Feedback on real world production experience with Flume

I am investigating automated methods of moving our data from the web tier into HDFS for processing, a process that's performed periodically.

I am looking for feedback from anyone who has actually used Flume in a production setup (redundant, failover) successfully.  I understand it is now being largely rearchitected during its incubation as Apache Flume-NG, so I don't have full confidence in the old, stable releases.

The other option would be to write our own tools.  What methods are you using for these kinds of tasks?  Did you write your own or does Flume (or something else) work for you?

I'm also on the Flume mailing list, but I wanted to ask these questions here because I'm interested in Flume _and_ alternatives.

Thank you!

Re: Feedback on real world production experience with Flume

Posted by Chen He <ai...@gmail.com>.

Can the NFS become the bottleneck ?

Chen

On Sat, Apr 21, 2012 at 5:23 PM, Edward Capriolo <ed...@gmail.com>wrote:

> It seems pretty relevant.
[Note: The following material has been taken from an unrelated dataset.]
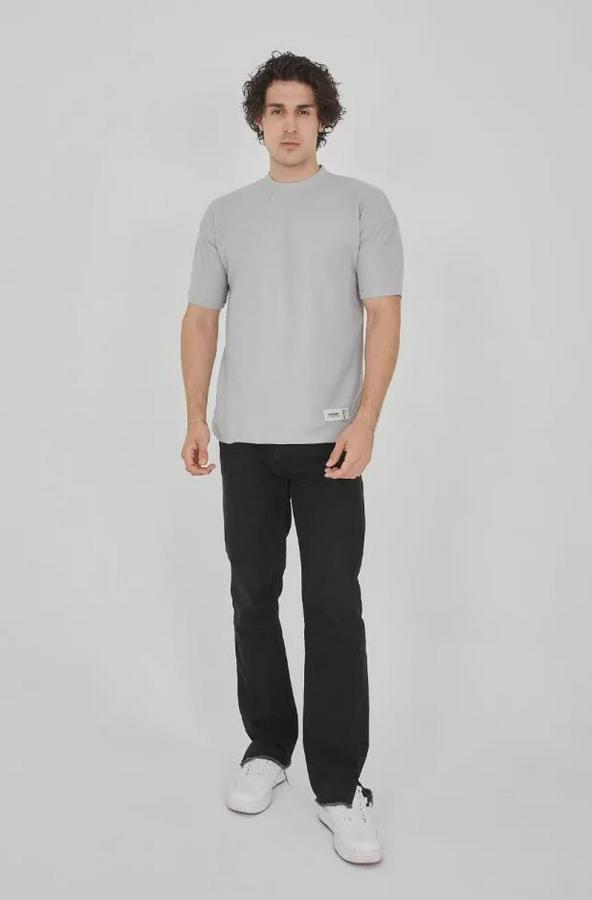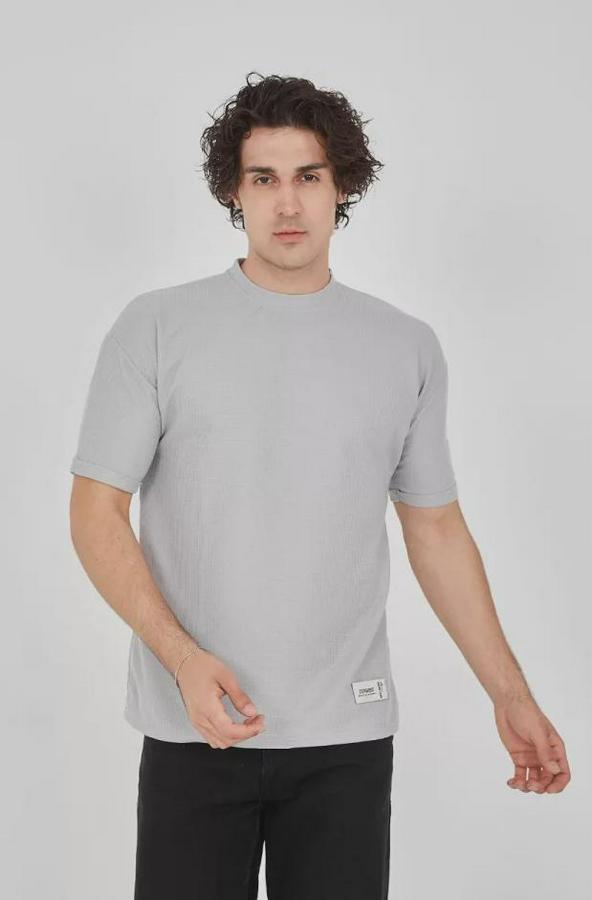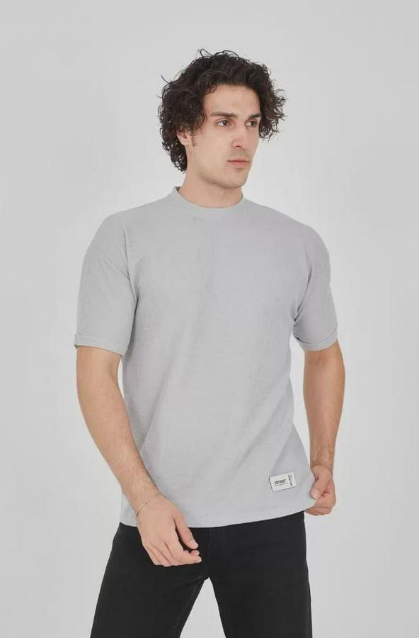 Unisex Waffle Kumaş Rahat Kol T-Shirt - Boyalı Gri

If you can directly log via NFS that is a
> viable alternative.
>
> On Sat, Apr 21, 2012 at 11:42 AM, alo alt <wg...@googlemail.com>
> wrote:
> > We decided NO product and vendor advertising on apache mailing lists!
> > I do not understand why you'll put that closed source stuff from your
> employe in the room. It has nothing to do with flume or the use cases!
> >
> > --
> > Alexander Lorenz
> > http://mapredit.blogspot.com
> >
> > On Apr 21, 2012, at 4:06 PM, M. C. Srivas wrote:
> >
> >> Karl,
> >>
> >> since you did ask for alternatives,  people using MapR prefer to use the
> >> NFS access to directly deposit data (or access it).  Works seamlessly
> from
> >> all Linuxes, Solaris, Windows, AIX and a myriad of other legacy systems
> >> without having to load any agents on those machines. And it is fully
> >> automatic HA
> >>
> >> Since compression is built-in in MapR, the data gets compressed coming
> in
> >> over NFS automatically without much fuss.
> >>
> >> Wrt to performance,  can get about 870 MB/s per node if you have 10GigE
> >> attached (of course, with compression, the effective throughput will
> >> surpass that based on how good the data can be squeezed).
> >>
> >>
> >> On Fri, Apr 20, 2012 at 3:14 PM, Karl Hennig <kh...@baynote.com>
> wrote:
> >>
> >>> I am investigating automated methods of moving our data from the web
> tier
> >>> into HDFS for processing, a process that's performed periodically.
> >>>
> >>> I am looking for feedback from anyone who has actually used Flume in a
> >>> production setup (redundant, failover) successfully.  I understand it
> is
> >>> now being largely rearchitected during its incubation as Apache
> Flume-NG,
> >>> so I don't have full confidence in the old, stable releases.
> >>>
> >>> The other option would be to write our own tools.  What methods are you
> >>> using for these kinds of tasks?  Did you write your own or does Flume
> (or
> >>> something else) work for you?
> >>>
> >>> I'm also on the Flume mailing list, but I wanted to ask these questions
> >>> here because I'm interested in Flume _and_ alternatives.
> >>>
> >>> Thank you!
> >>>
> >>>
> >
>

Re: Feedback on real world production experience with Flume

Posted by Bill Graham <bi...@gmail.com>.

+1 on Edward's comment.

The MapR comment was relevant and informative and the original poster never
said he was only interested in open source options.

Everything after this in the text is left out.